> **Exercise details**: Pictures must not appear in the copy. Restate exactly the lines below from the one with "Jolies plaques de" through the one with "10月6日,在重慶市渝中區一", inclusive.
(Provided records)
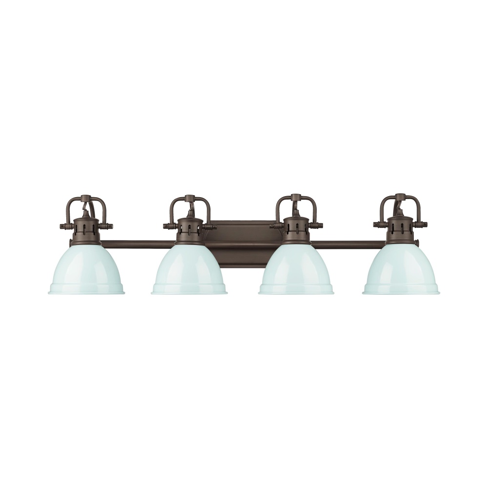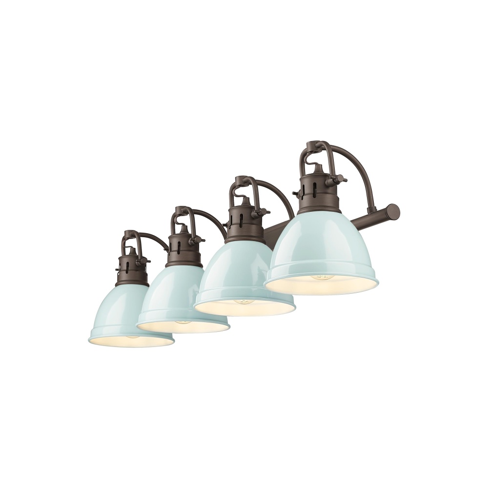 Bring coastal charm into your home with the Yep by Golden Lighting Duncan 4-light Vanity. Featuring a seafoam shade and a rubbed bronze frame, it creates a welcoming atmosphere. The seafoam shade adds a breezy, pastel blue-green touch, evoking serene seaside vibes while its smooth, high-gloss surface enhances light reflection. Our Rubbed Bronze finish brings classic warmth with a hand-rubbed appearance that adds depth. This fixture is perfect for brightening up bathrooms, is damp location rated for covered and semi-enclosed spaces, and includes adjustable directional heads for customized lighting. Overall Dimensions: 33.5"W x 8.5"H x 8.25"D. Requires 4 E26 Medium base bulbs (not included) with a maximum wattage of 100, making it as functional as it is captivating. Elevate your space with style and quality.
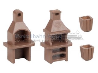 Zwei braune Gartengrills und Holzmülleimer, um den Modellbau-Sommer einzuläuten und Grillplätze sowie Gärten detailreich auszugestalten.
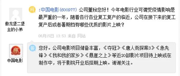 中国电影、上海电影等影视上市公司则表示,“一定做好准备。”早在今年6月,中国电影在上证e互动上回复投资者时表示:“公司电影项目储备丰富,《夺冠》《唐人街探案3》《急先锋》《我和我的家乡》《悬崖之上》等近20部影片项目待上映或在制作中,将于影院开业后择期上映。”、
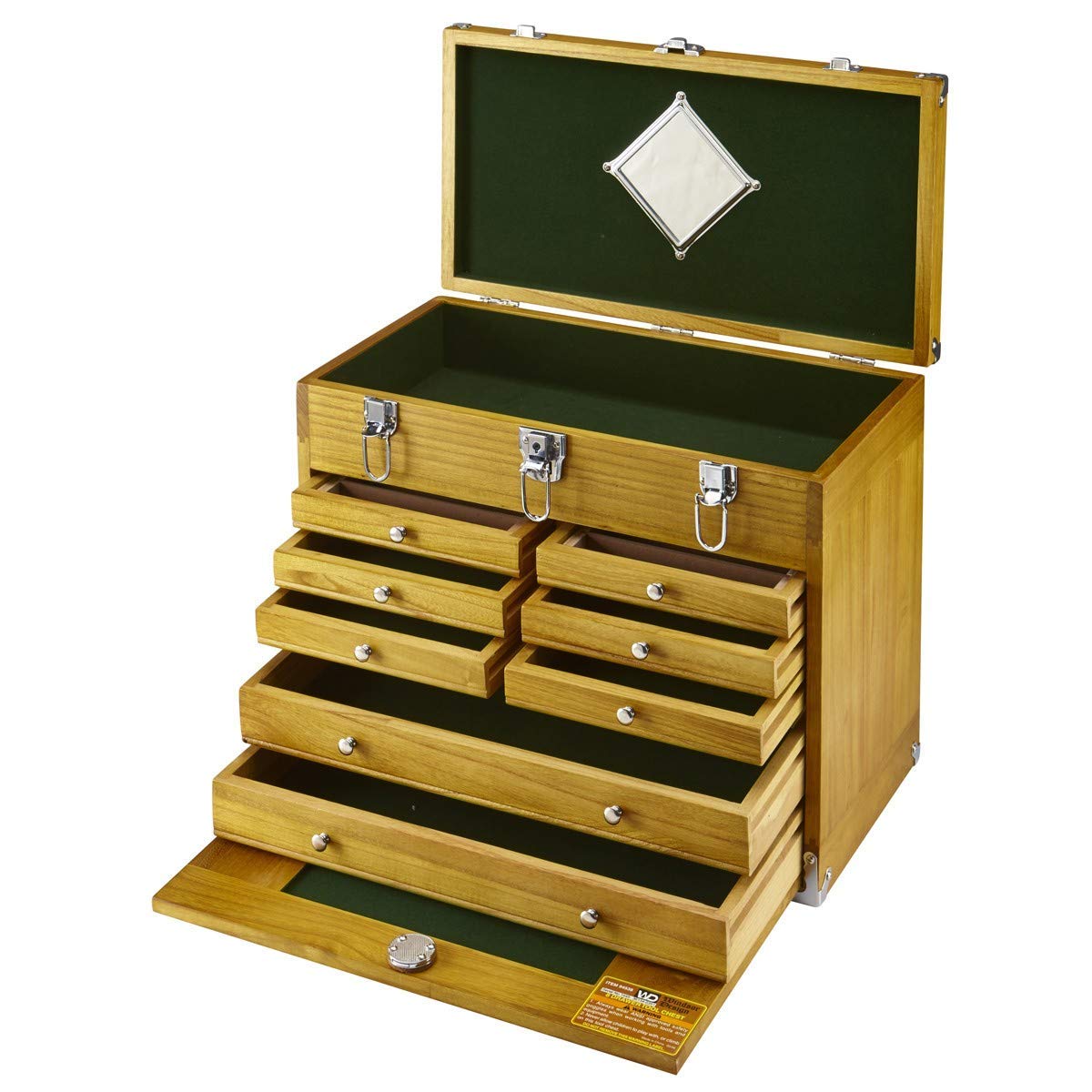 Collectibles Tool Boxes Chests 8 Drawer Wood Tool Chest Box Storage Machinist Carpenter Chrome Hardware Felt
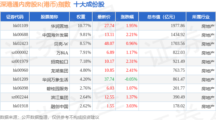 深港通内房股R(港币)(483084)指数十大成份股详情如下:
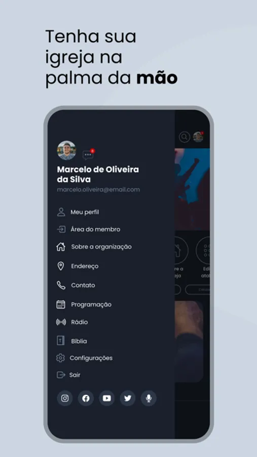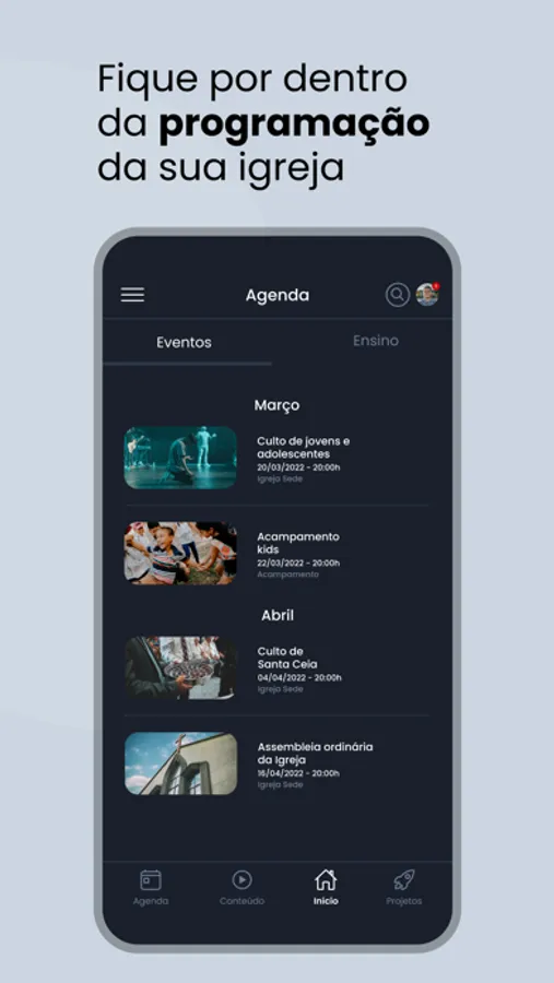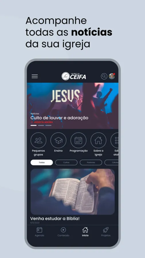 Recursos disponíveis no Aplicativo: Notícias, Agenda da igreja, Eventos, Conteúdos, Projetos, Transmissão ao Vivo e Módulo Ensino.
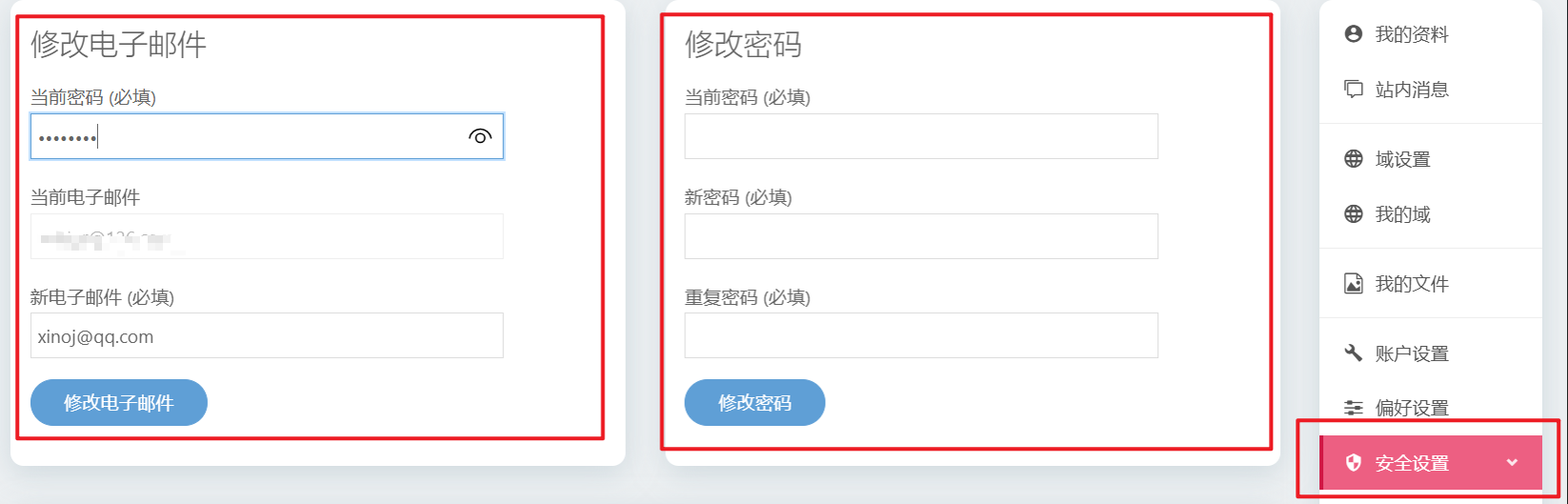 邮箱地址用户忘记密码时重置密码使用,请及时更改您的邮箱地址
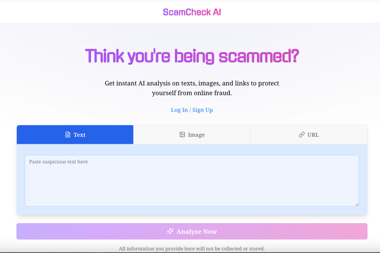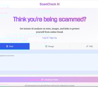 ScamCheck Ai is a a simple web-based, mobile-friendly application that helps users instantly identify potential scams. The tool leverages AI to analyze and detect contents from users and suggests recommended actions based on the results. Simply input text messages, upload screenshots, or paste URLs to receive an immediate risk assessment and actionable advice on what to do next.
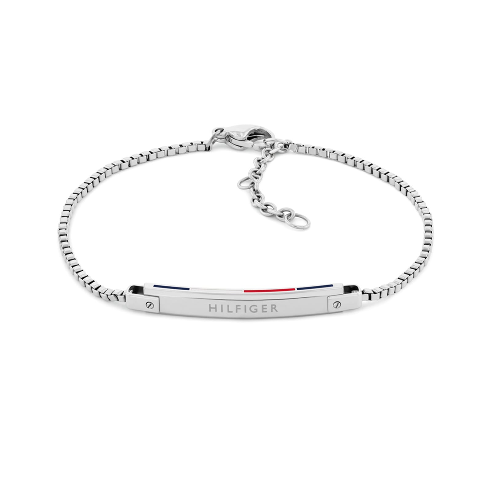 Γυναικείο βραχιόλι της Tommy Hilfiger από ανοξείδωτο ατσάλι σε ασημί χρώμα. Το κούμπωμα του βραχιολιού είναι από ανοξείδωτο ατσάλι και είναι ασφαλείας. Το βραχιόλι μπορεί να κουμπώσει στους 17, 18 και 19,5 πόντους.
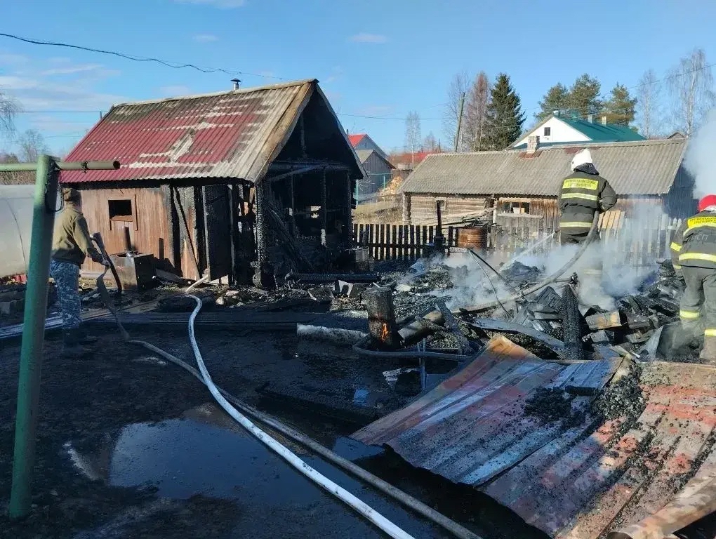 Пожар произошел в минувшее воскресенье, 12 апреля, в 15.50 в переулке Серова в деревне Коткозеро. Там загорелись хозяйственная постройка и баня.
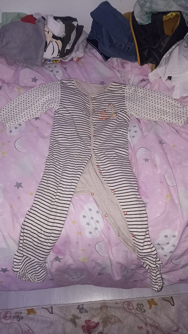 Uzun kollu, V yakalı ve düğmeli gri bebek tulumu, çizgili ve puantiyeli desene sahiptir. Rahat kullanım için uygundur.
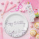 Jolies plaques de papier floral "Joyeux Anniversaire". Accessoires de fête correspondant pour coordonner cette conception d'anniversaire.
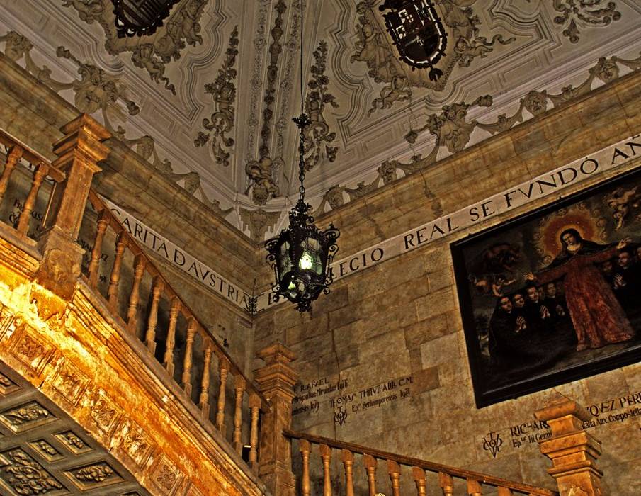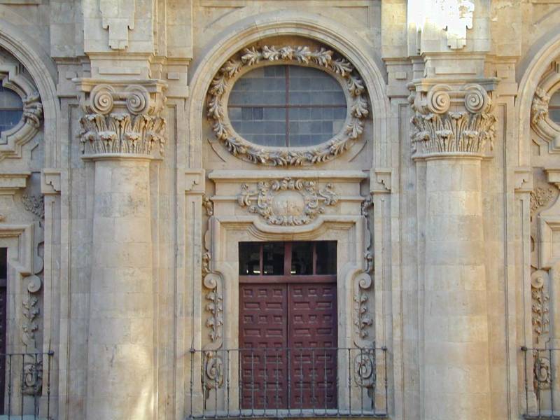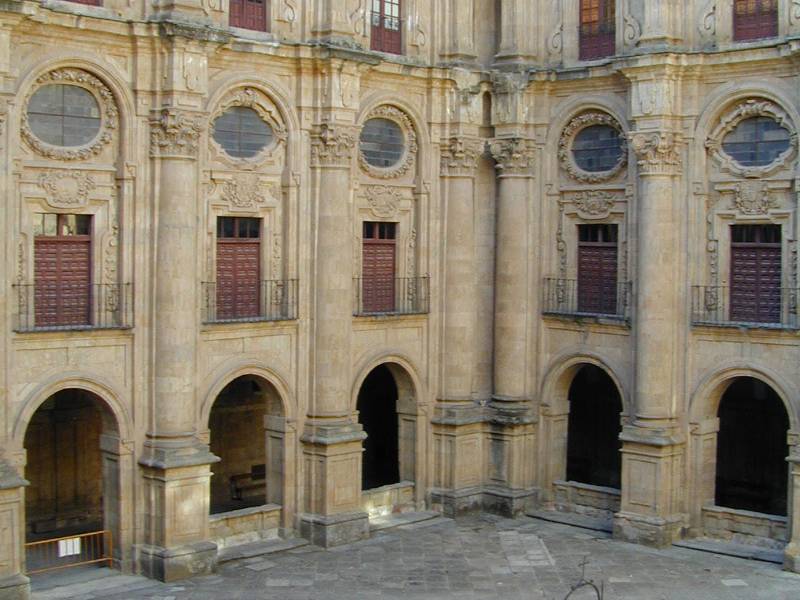 La universidad privada católica de Salamanca se ubica desde 1940 en lo que fue el Real Colegio de la Compañía de Jesús, fundado por la reina Margarita de Austria, esposa de Felipe III en 1611. Este monumental edificio ocupa una vasta extensión de terreno, ya que para su construcción varias manzanas de casas, algún palacio y alguna iglesia debieron ser destruidas. Se colocó la primera piedra el 12 de noviembre de 1617, encargando el rey los planos al gran arquitecto Juan Gómez de Mora. Todo el conjunto presenta una planta en forma de U, en la que los lados largos son los pabellones, coronados por sus características galerías. Destaca el magnífico Claustro de Estudios, realizado en el siglo XVIII por Andrés García de Quiñones, que empleó para su diseño el orden gigante de columnas y la alternancia entre vanos geométricos y otros ovalados orlados por coronas de carnosa vegetación.
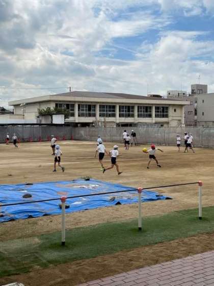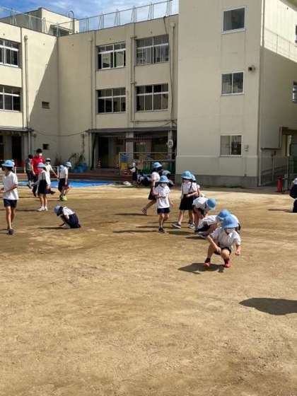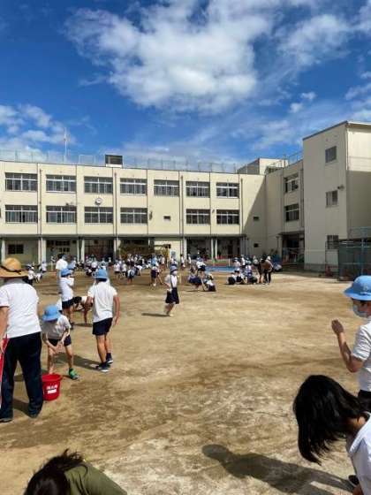 工事により使用できなかった運動場が久しぶりに開放されました。使用する前に、安全のために石拾いをしました。たくさんの子どもたちが石拾いに参加してくれました。久しぶりの運動場の使用に、子どもたちは本当に嬉しそうでした。
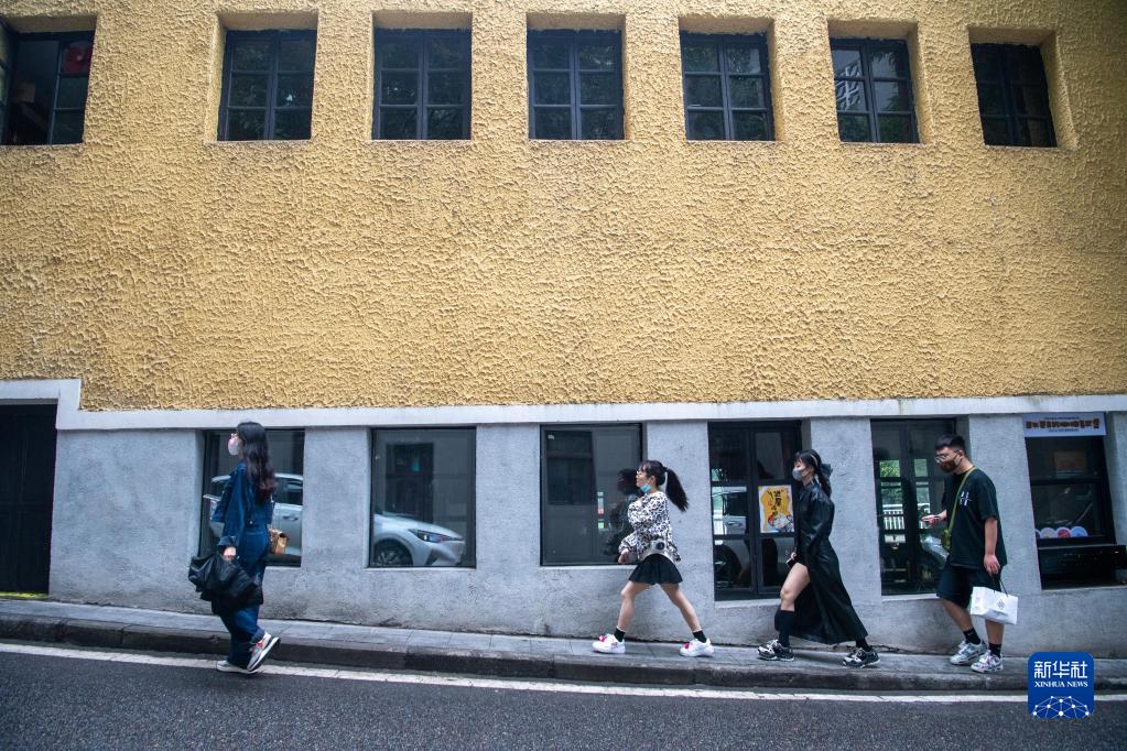 10月6日,在重慶市渝中區一處由老建筑改建的小型商業(yè)綜合體“小黃樓”外,游客在游覽參觀(guān)。
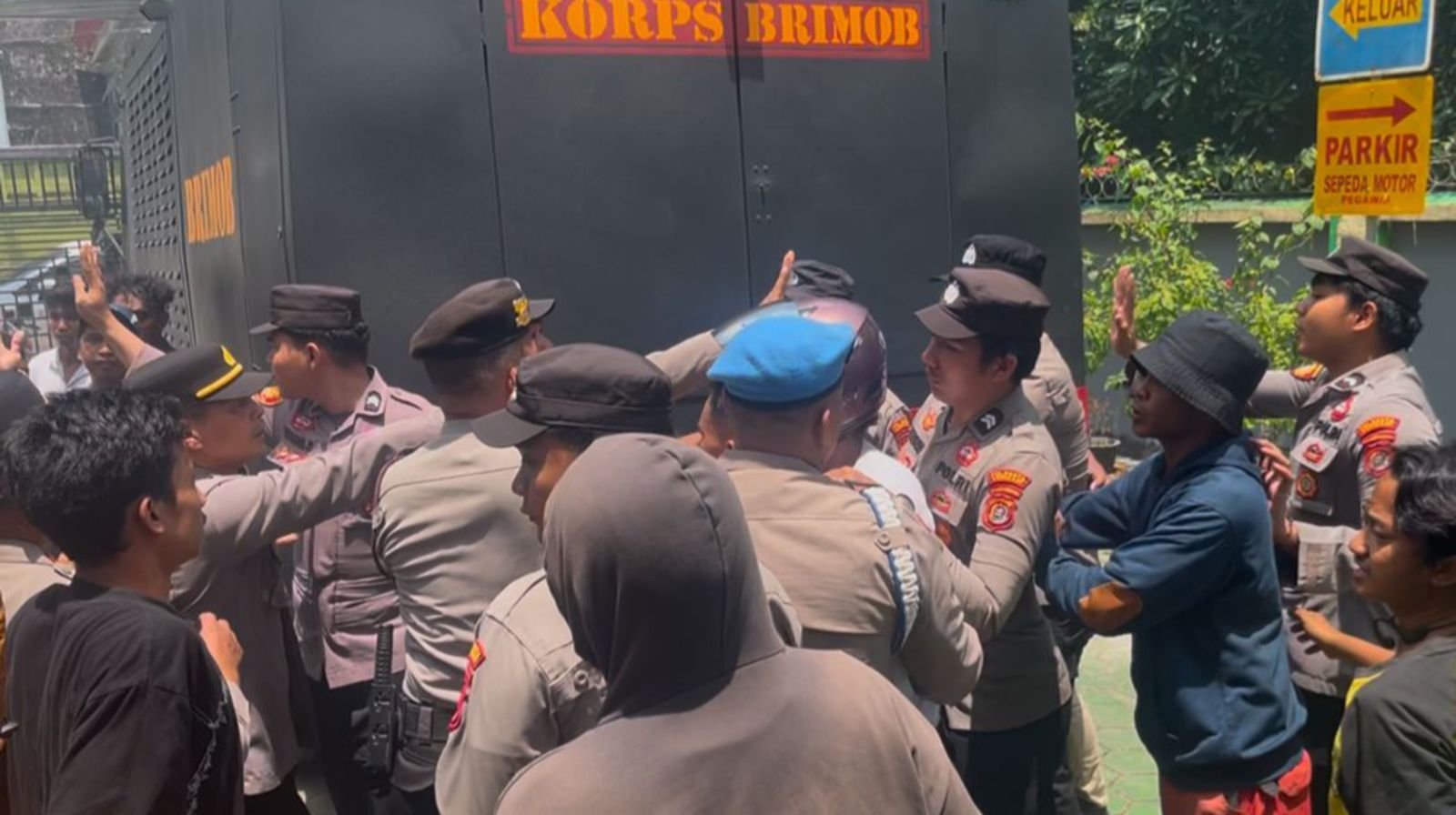 Saat api sudah tinggi, seorang polisi datang untuk memadamkan ban tersebut. Tindakan itu memicu reaksi dari sebagian massa yang terpancing emosi dan berusaha menyerang aparat yang berjaga. Aksi sempat ricuh dan suasana menjadi tegang beberapa menit.
(End Provided records)
> **Output of the exercise**:
 Jolies plaques de papier floral "Joyeux Anniversaire". Accessoires de fête correspondant pour coordonner cette conception d'anniversaire.
 La universidad privada católica de Salamanca se ubica desde 1940 en lo que fue el Real Colegio de la Compañía de Jesús, fundado por la reina Margarita de Austria, esposa de Felipe III en 1611. Este monumental edificio ocupa una vasta extensión de terreno, ya que para su construcción varias manzanas de casas, algún palacio y alguna iglesia debieron ser destruidas. Se colocó la primera piedra el 12 de noviembre de 1617, encargando el rey los planos al gran arquitecto Juan Gómez de Mora. Todo el conjunto presenta una planta en forma de U, en la que los lados largos son los pabellones, coronados por sus características galerías. Destaca el magnífico Claustro de Estudios, realizado en el siglo XVIII por Andrés García de Quiñones, que empleó para su diseño el orden gigante de columnas y la alternancia entre vanos geométricos y otros ovalados orlados por coronas de carnosa vegetación.
 工事により使用できなかった運動場が久しぶりに開放されました。使用する前に、安全のために石拾いをしました。たくさんの子どもたちが石拾いに参加してくれました。久しぶりの運動場の使用に、子どもたちは本当に嬉しそうでした。
 10月6日,在重慶市渝中區一處由老建筑改建的小型商業(yè)綜合體“小黃樓”外,游客在游覽參觀(guān)。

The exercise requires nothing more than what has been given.